The willingness of these knowledge leaders to educate others is also quite interesting. The dynamic of social media discussion in general is that someone comes online for the first time to talk about a treatment or condition, they’re very often somewhat in the dark, or they’ve just been diagnosed or they’ve just been given a list of treatments that they want to consider. Most of the time that patient will go online and immediately be met by one of these knowledge leaders. I am fascinated with this “teacher-student” dynamic, and it’s an example of the kind of unique discussion to which social media gives marketers access.
What are the most common misconceptions about social monitoring?
Marketers need to understand that social monitoring/media is unscripted. Some clients will have an expectation about the topics of discussion which they think are important—but maybe aren’t very prevalent in social media discussion. If we go online and determine that the topics that marketers believe are important aren’t that important to patients, that’s certainly valuable to a marketer in terms of prioritizing the messaging in their marketing.
What are the legal and regulatory issues affecting social monitoring in the
healthcare field?
Social media challenges traditional notions. It comes down to definition. Is a blogger a professional journalist, or not? If so, there are different rules in terms of engaging a blogger. Another big issue right now is adverse event reporting. Should the pharmaceutical company report something that they may find on a message forum or a blog, especially when the definition of “identification” is different for the offline and online worlds? We can segment out posts where patients are reporting adverse events for those clients who care about it, but because there are no clear guidelines each client will have a different approach.
What are the most common mistakes companies make when they embark on their first social monitoring project; how can they avoid them?
I think what’s important is to come into social media monitoring with an open mind, some knowledge about how social media differs from traditional market research, and hypotheses to prove or disprove. Clients who come to us with clearly defined hypotheses that they want to explore are ultimately the most pleased with the research results. Another important concept to remember is that blogs aren’t always the best place to look for insights. Blogs are more of a one-sided type of discussion where a patient can go out and share their thoughts, but they really don’t foster the back-and-forth conversations which we find to be most valuable to inform market research. That kind of discussion happens on message forums which have been around for far longer than blogs, Facebook, Twitter, etc. We often start by educating the client on the differences between media types as well as the differences in the population of people who talk on social medium forums. It’s important for clients to understand the implications of these differences.

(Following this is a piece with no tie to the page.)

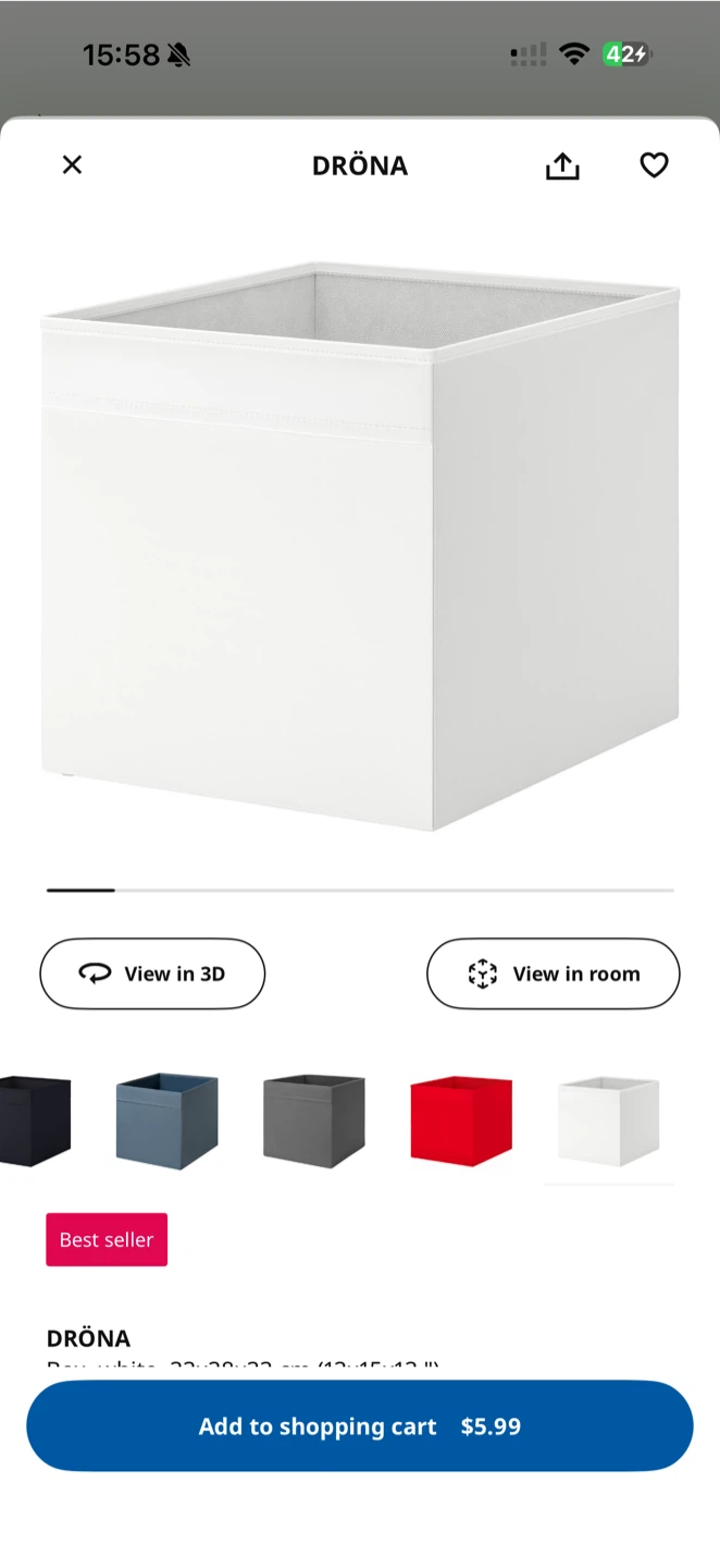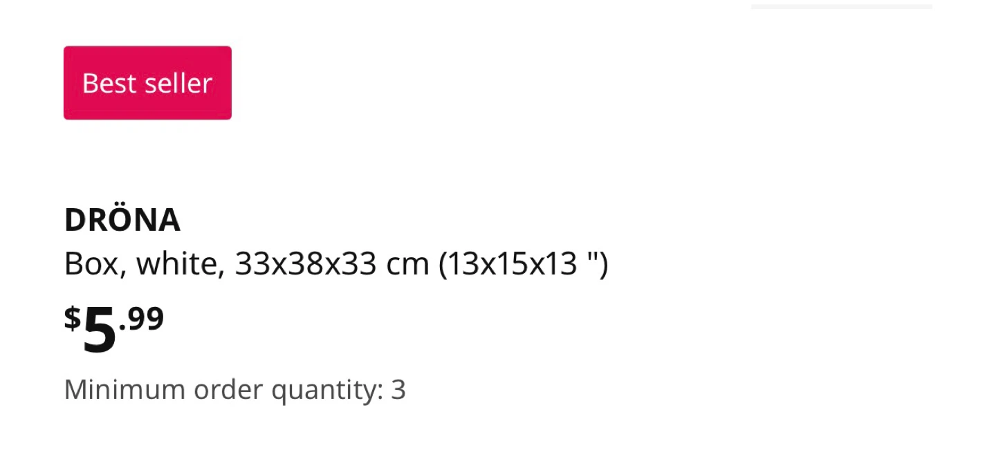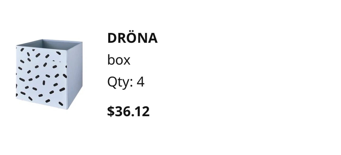 1 / 41 / 4Buy & SellIKEA DRÖNA Box - 2 white and 4 blueIKEA DRÖNA Box - 2 white and 4 blue$10Three white IKEA DRÖNA box In clean and great condition, recently purchased 2 white for $7 4 blue for $24 Altogether for $30ConditionLike newWHERE TO MEET99 Broadway AveView MapSELLERverifiedMoonChurch and Wellesley17112 reviews2 chats·5 favorites·97 viewsSEND CHAT TO SELLERHi Moon! I’m interested in your listing.Hi Moon! I’m interested in your listing.Get the Karrot app to chatSign In to chat
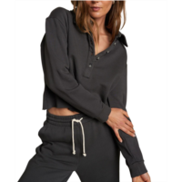 Perfectwhitetee vinny fleece henley sweatshirt in vintage black

What’s your best advice to marketing professionals about designing a social monitoring strategy and its place in the total marketing picture?
The phrase “total marketing picture” is important. This is a completely new avenue, so when you design the social monitoring strategy, you really want to focus on questions that perhaps you’ve had a hard time getting answers to in traditional market research. The conclusions drawn from social monitoring can then be used to focus and improve traditional research.